サークル「アクア・アルタ」さんの同人音声作品。

今回紹介する作品は、明るくてとっても積極的な女の子が
恋人にあたる男性と温泉旅行に行き親密度をさらに深めます。

キャラと音のバランスが取れたドラマ性の強いサービスが行われており
温泉の音、耳かき音、海の音といった癒しにプラスに働く音を上手に鳴らしながら
世間話や二人が恋人になるまでの思い出話をして没入感を高めてくれます。
恋人とする様々な初体験
恋人のナミと旅行先でイチャイチャするお話。

「着いたー! 見て見て ここの客室 評判通り最高な眺めだよ」
ナミは明るくて元気な声の女の子。
恋人にあたる主人公と温泉旅行に出かけると
記念撮影したりお互いの荷物に関する話をします。

本作品は付き合い始めてまだ半年の初々しいカップルが
旅行先で温泉に一緒に浸かったりエッチな事をしながら色んなことを話します。

アクア・アルタさんはこれまで全年齢やR15作品をメインに作られてきたサークルさんで
感情豊かなキャラとリアルな音を使ったサービスを組み合わせたドラマ性の高い作りが魅力です。
本作でも18禁のキーとも言えるエロさよりも作品の世界に入り込むことを見据えた演出に力を入れてます。

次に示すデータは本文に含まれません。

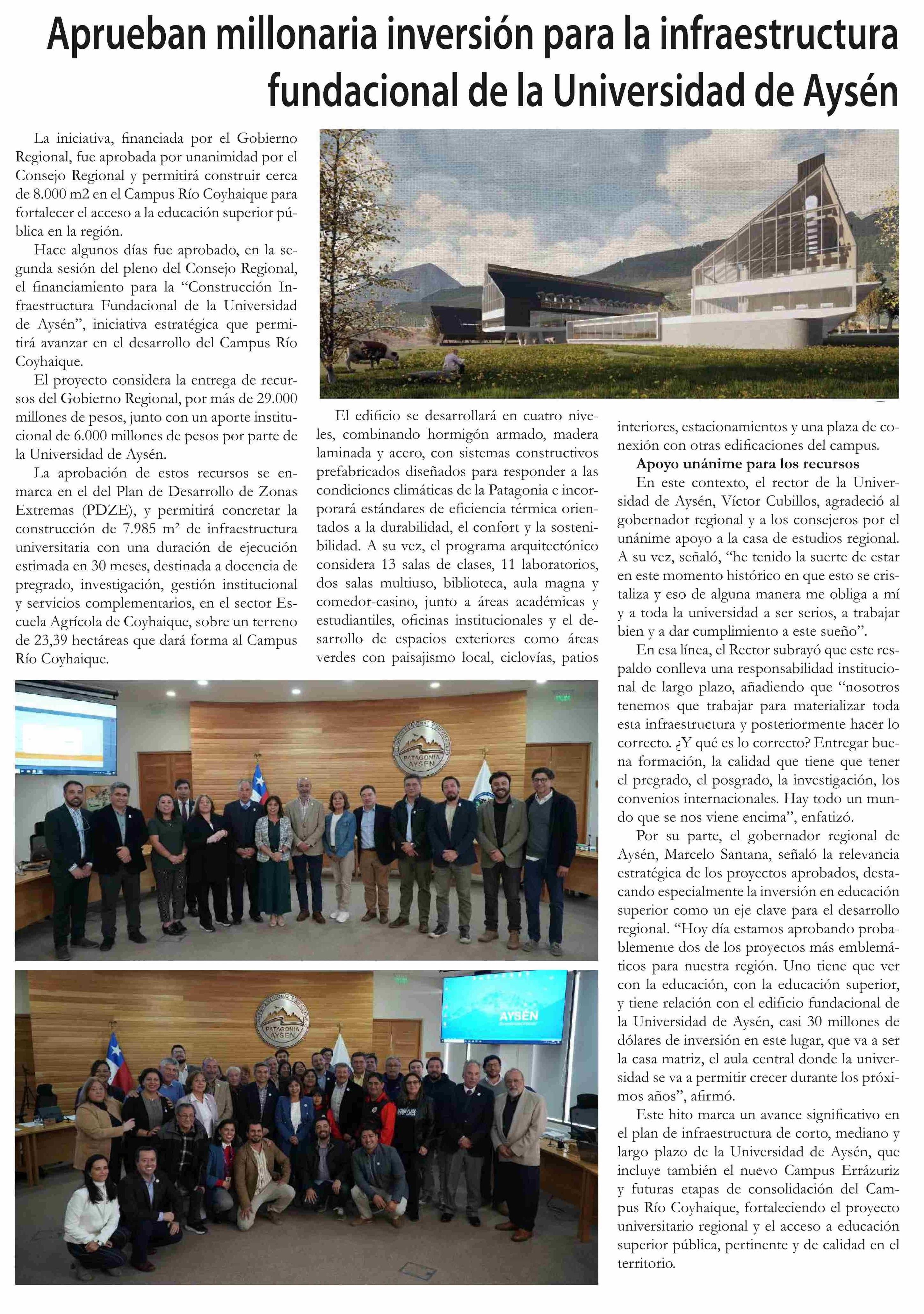 Aprueban millonaria inversión para la infraestructura fundacional de la Universidad de Aysén

物語の背景を簡単に説明しますと、二人は中学時代からの知り合いですが当時はまったくしゃべらず
高校生の頃から一緒に遊ぶようになり最近ようやく恋人同士になりました。
しかし主人公が相当な奥手のため今までキスすらしたことがありません。
そこでナミが温泉旅行を提案し、より踏み込んだ関係になるきっかけ作りをするわけです。

「こんな香り嗅いでたら お腹空いてきますなー だったら閉めればって? これだからアルパカ系彼氏君は」
「…いいんだよ 見ても 君に見られるなら嬉しいし」

そんな経緯もあって作中では彼女が彼に積極的に話しかけたり
露骨に感じないレベルで誘惑するシーンが度々登場します。
そしてエッチに入ると恥ずかしそうにしたり切ない声を漏らすなど、普段とはまるで違う乙女な仕草を見せます。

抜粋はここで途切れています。